Figure 4: The domain transfer learning (DTL) task additionally trained the ResNet with all datasets from the CN and AD. (A) and (B) A significant improvement for all studied classification metrics (6% in accuracy, 7% in sensitivity, 5% in specificity and 7% in AUC) was observed for the DTL task as compared to the standard inter-MCI class classification task. The reported accuracy in the DTL task is also a substantial improvement of over the state-of-the-art performance as reported in 3. (C) The DTL task reported a significant performance improvement over the classical SVM model with a p-value of 2.5762e-8.

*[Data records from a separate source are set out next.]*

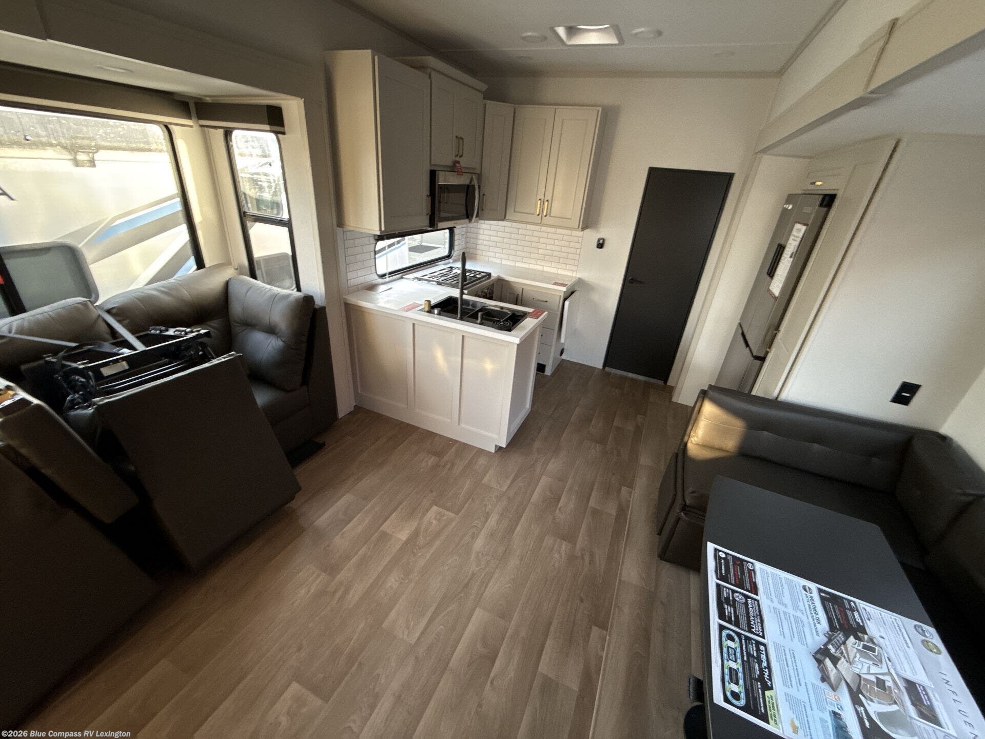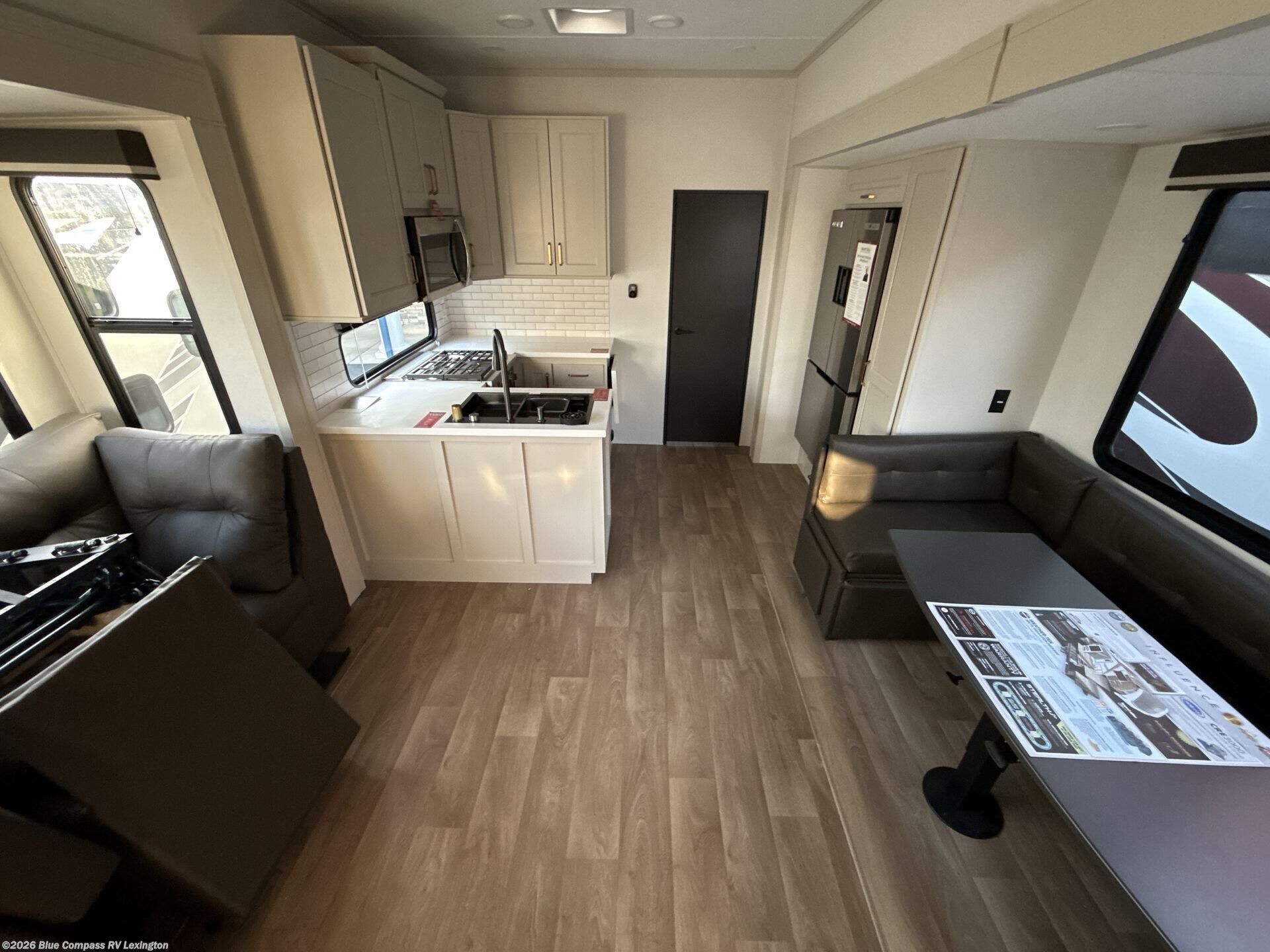 Any Grand Design Influence fifth wheel features five-sided aluminum cage construction with a walk-on roof and a fully enclosed underbelly with heated tanks and storage for all weather camping. For peace of mind, the MORryde CRE3000 Suspension system will provide safe and smooth towing, and the 101" widebody construction offers all the room you need and that is before multiple slides are fully engaged. You will appreciate the Keyed-Alike locks, slam-latch baggage doors with magnetic door catches, exterior security light, and SolidStep entry steps. On the inside, Congoleum flooring, premium roller shades for privacy, a hallway handrail for safety, and nightstands with USB ports to keep all of your electronics fully charged. You will also love the on demand tankless water heater when showering, plus the added heat and ambiance from an electric fireplace, and so much more!
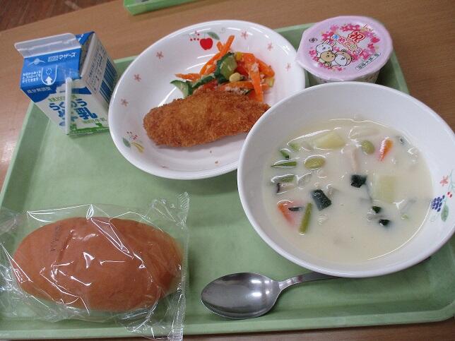 豆とエリンギのシチュー、人参サラダ、魚のフライ、パン、牛乳でした。
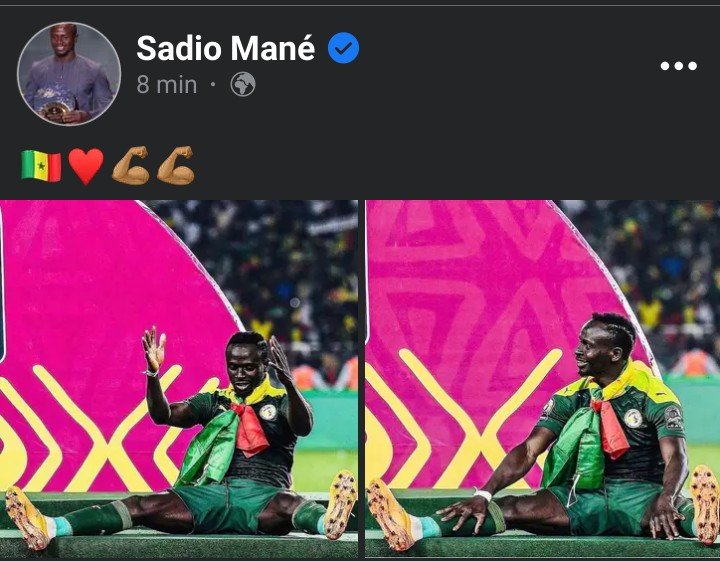 Convoqué pour le mondial 2022, Sadio Mané a publié sur les réseaux sociaux, deux photos sur lesquelles il se trouve dans le maillot du Sénégal, assis, le drapeau sénégalais sur lui. Il a mis comme légende des stickers du drapeau sénégalais et du cœur, symbole de l’amour, comme le montre l’image ci-dessous :
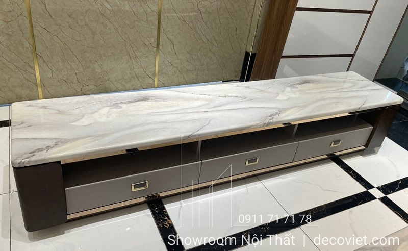 Mẫu kệ tivi mặt đá hiện đại sẽ giúp bạn sắp xếp gọn gàng các thiết bị điện tử, như tivi, đầu đĩa, loa, hay các món đồ trang trí, đảm bảo không gian phòng khách luôn ngăn nắp và sạch sẽ. Các ngăn kéo và kệ mở của kệ tivi cao cấp không chỉ cung cấp chỗ để lưu trữ các vật dụng một cách tiện lợi mà còn giúp bạn dễ dàng tìm thấy khi cần.
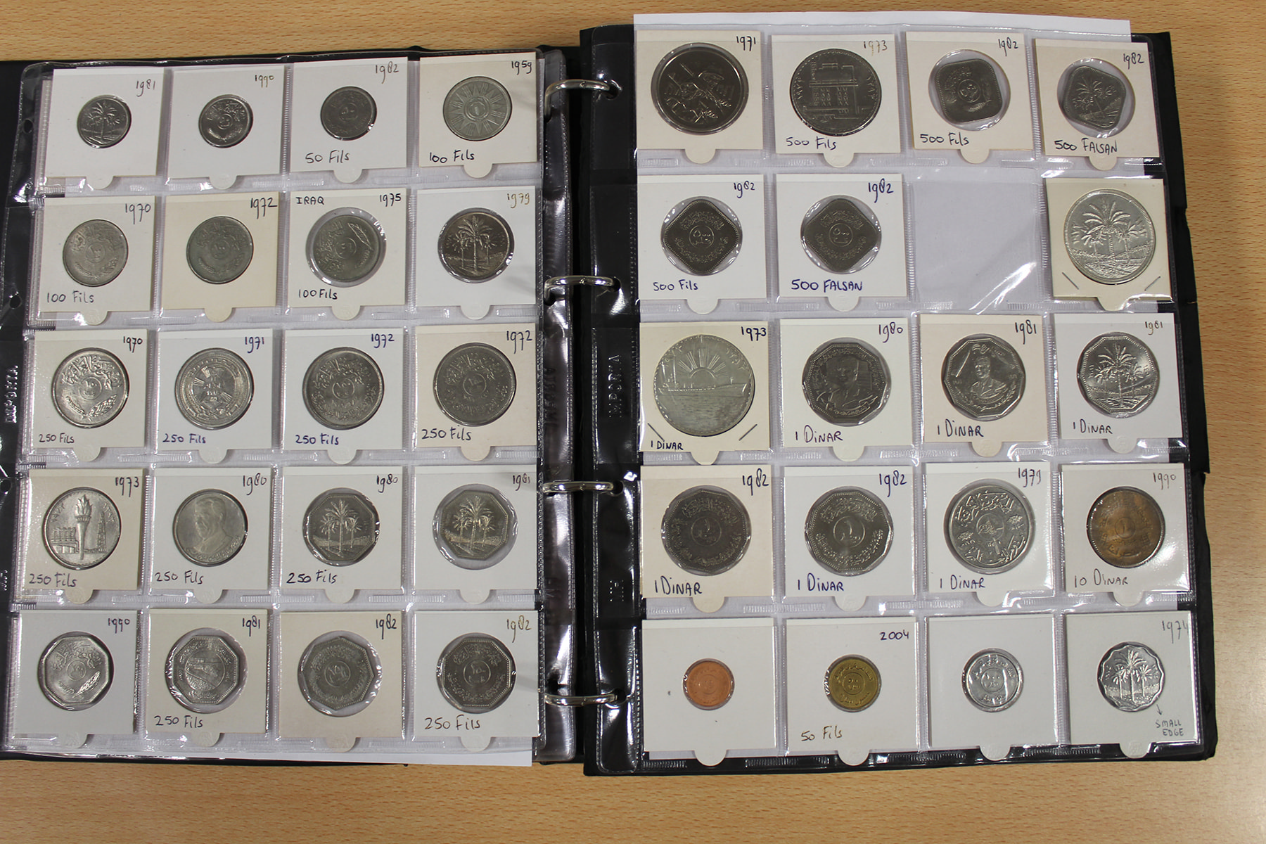 Album wereld, o.a. Irak, Iran etc. Bijna 500 stuks. Ook zilver. Veel UNC. Ca. 5,5 kg.
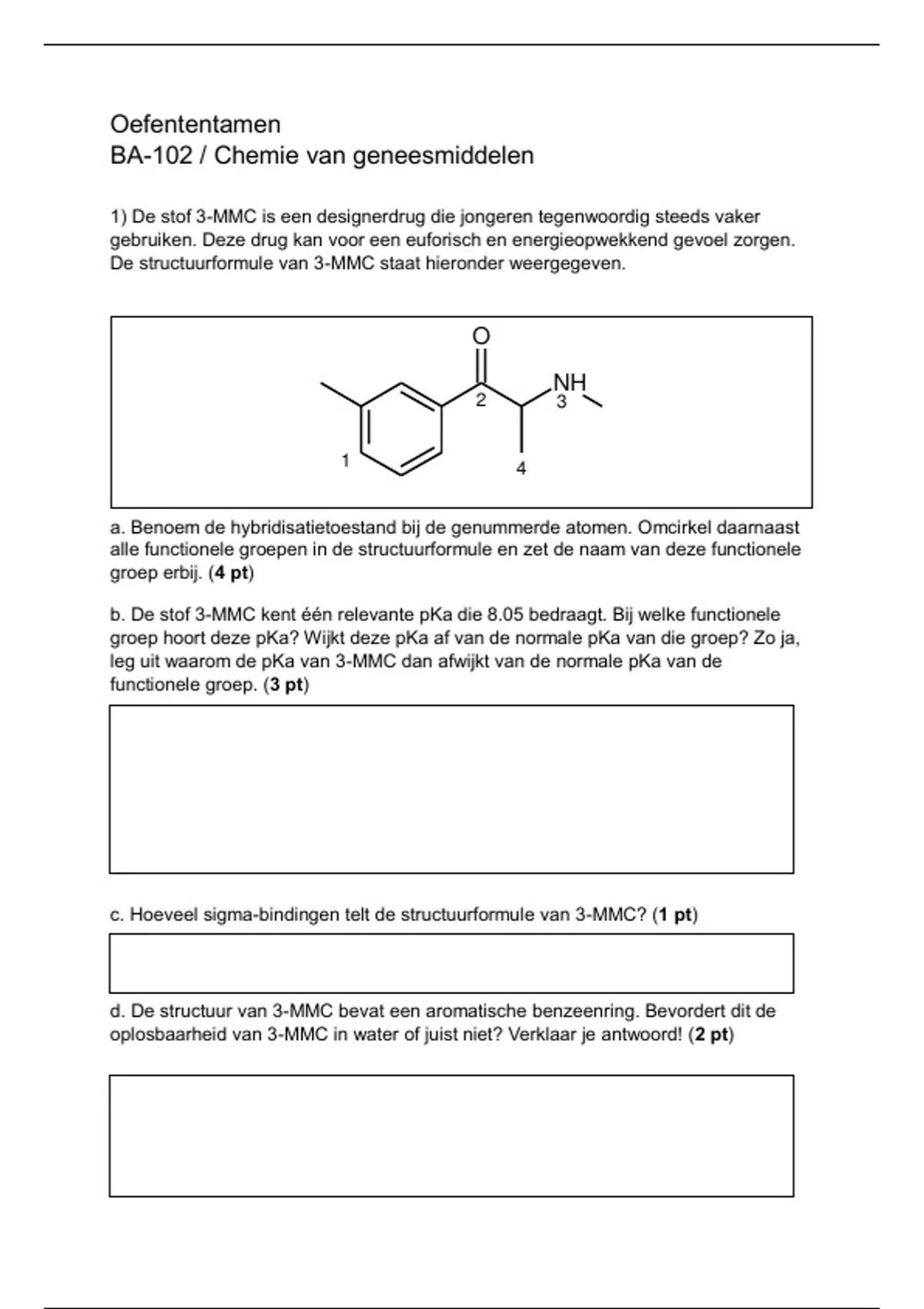 Oefententamen BA-102: Chemie van geneesmiddelen (incl antw)
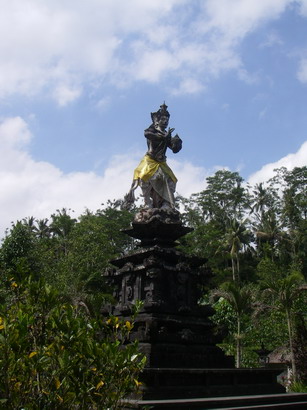 バリの祭礼や満月、新月の日には体を清めに来るヒンドゥー教徒でごった返す沐浴場。 普段の日にはサロンに身を包み、見よう見まねで沐浴を試す外国人ツーリストの姿もありました。 |
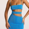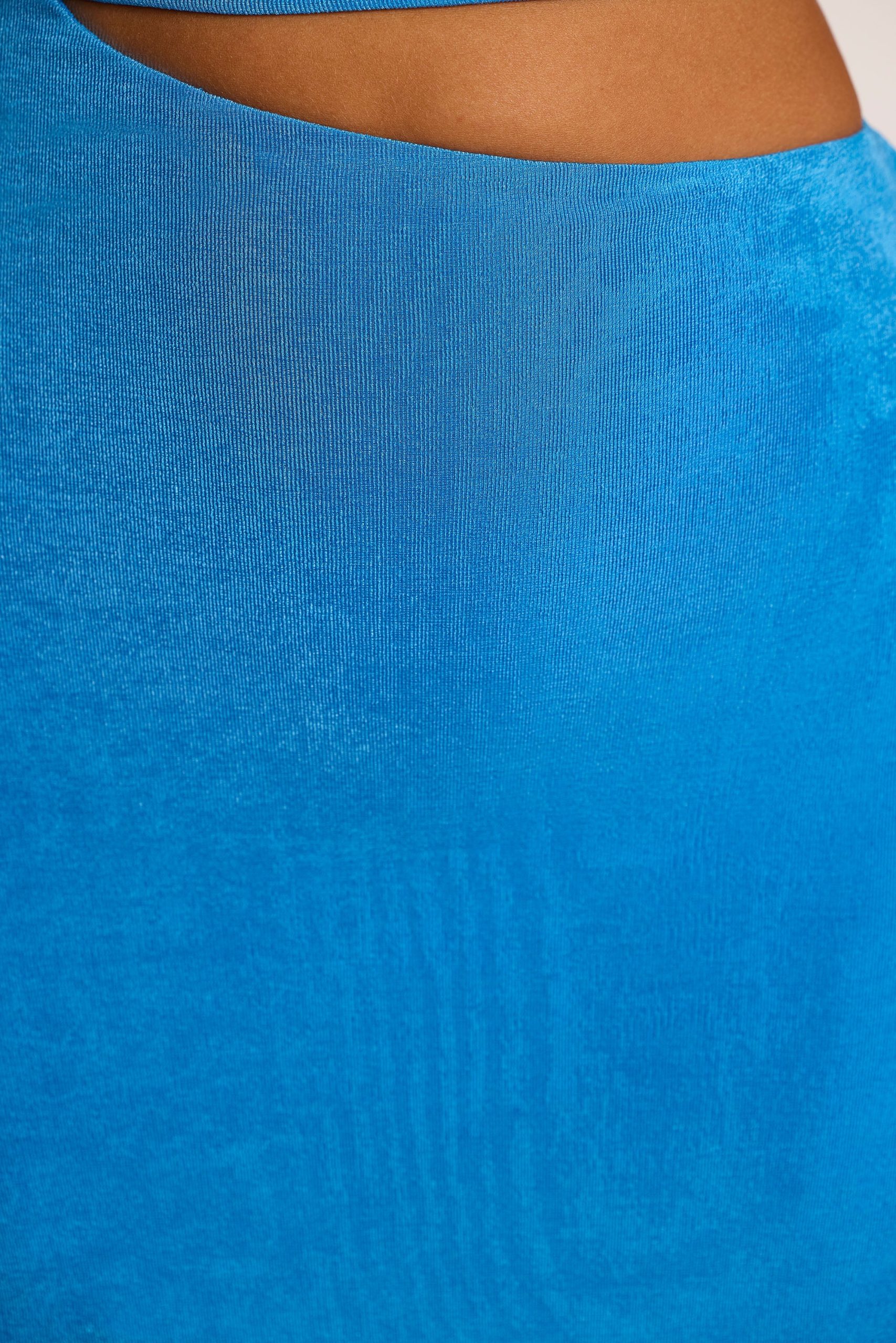 Skin-baring silhouettes. Created from a lightweight textured jersey fabric that’s form-accentuating and stretchy, the Azzurra mini dress is a statement evening design with distinctive cut-outs at the waist. Complete with a floaty thigh-skimming mini skirt and delicate adjustable shoulder straps.
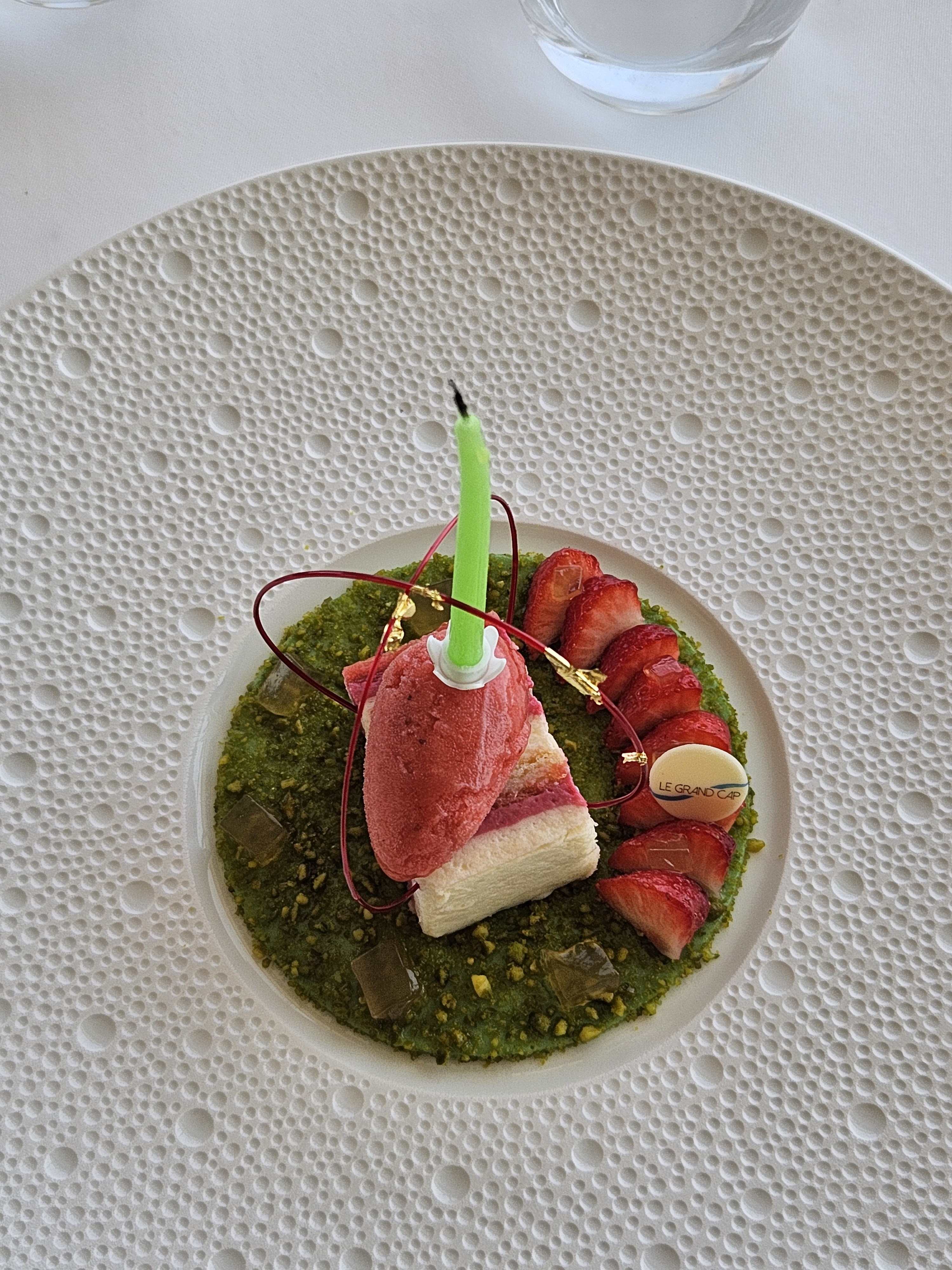 De la haute voltige ,visuellement et gustativement une expérience inoubliable, de plus c est servi dans une vaisselle très raffinée assortie à ce que l on mange . J ai expérimenté pas de restaurants gastronomiques mais incontestablement le Grand Cap remporte de loin la palme d or à tous niveaux !!!
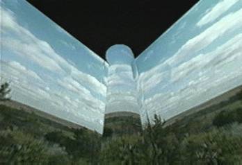 The body of this bird shows, mirrored, the roof of a house, surrounded by strange tree-like structures. Roots that scour the ammonia-air for nutrition... which they suck down, and then excrete in as lumpy concrete, auto-forming in coherent shapes... e.g. in shapes like this stone log cabin here at the Garden of Eden.
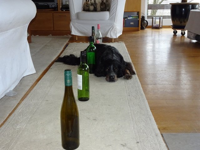 Mit Frauchen um die Flaschen, ohne Frauchen um die Flaschen, und dann wird sie wieder nicht fertig mit ihren Fotos ... geht's vielleicht bald weiter?
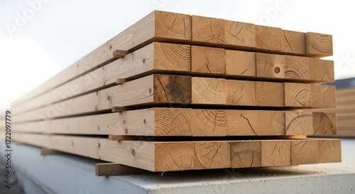 Stacked wooden planks arranged neatly on a construction site. The lumber is light brown with visible grain patterns, ready for building projects.
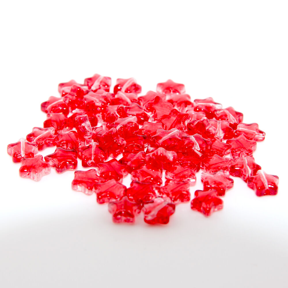 These 8mm stars are made from Czech-pressed glass, they are drilled vertically with a 0.7mm hole and are sold in packs of 20 8mm Red Czech Glass Stars - 20 Pieces
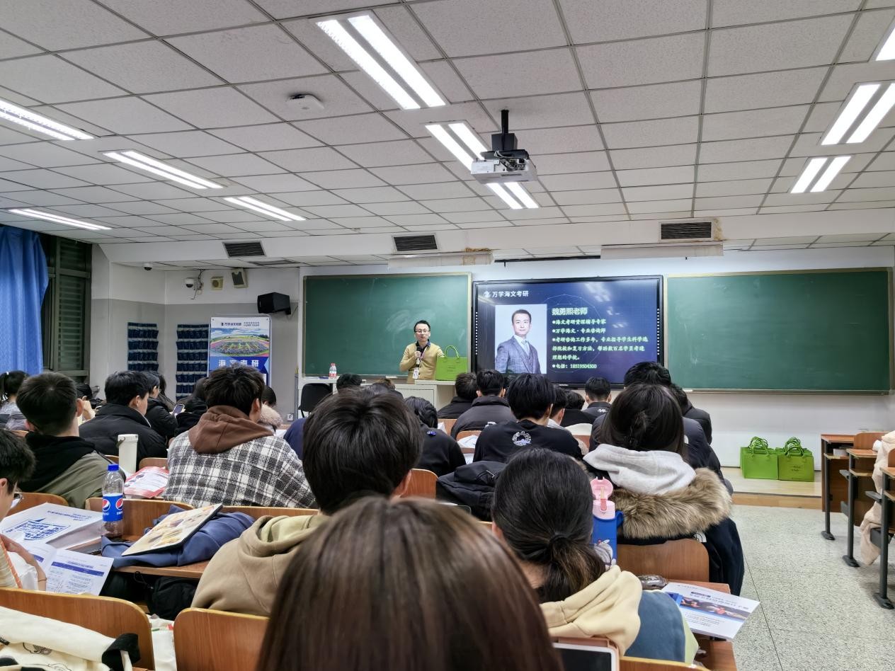 2024年3月4日,万学教育海文考研“25考研必修高分指导课”系列培训第一讲在我校顺利开展。此次指导课旨在为大三年级同学们介绍考研规划的一系列知识,为未来的学习备考提供指导和支持。讲座上,海文考研主讲名师韩啸老师深入浅出地介绍了专业选择、科目复习规划和学习方法等重要内容。韩老师还重点普及了学术型硕士和专业硕士的区别和共同点,为同学们揭示了考研之路的不同选择和可能性。
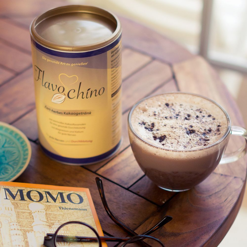 La consommation quotidienne d’une portion (3 c. à café – 15 g) de Flavochino fournit plus de 200 mg de flavonols de cacao qui soutiennent une circulation sanguine normale. Flavochino est pauvre en graisses (6,6 %).

Figure 5: A comparison of accuracies from the two unimodal and multimodal prediction analyses. Multimodal prediction performance was found to be significantly better than the performance from the unimodal prediction analyses. The mean normalized accuracies for the fMRI, sMRI and multimodal prediction were 0.70, 0.75 and 0.78 respectively. A comparison of the cross-validation accuracies demonstrated significant differences (p < 0.005) between all three groups, with the p-values increasing the following order: fMRI vs. sMRI, sMRI vs. fMRI+sMRI, and fMRI vs. fMRI+sMCI.

Proc. Intl. Soc. Mag. Reson. Med. 27 (2019)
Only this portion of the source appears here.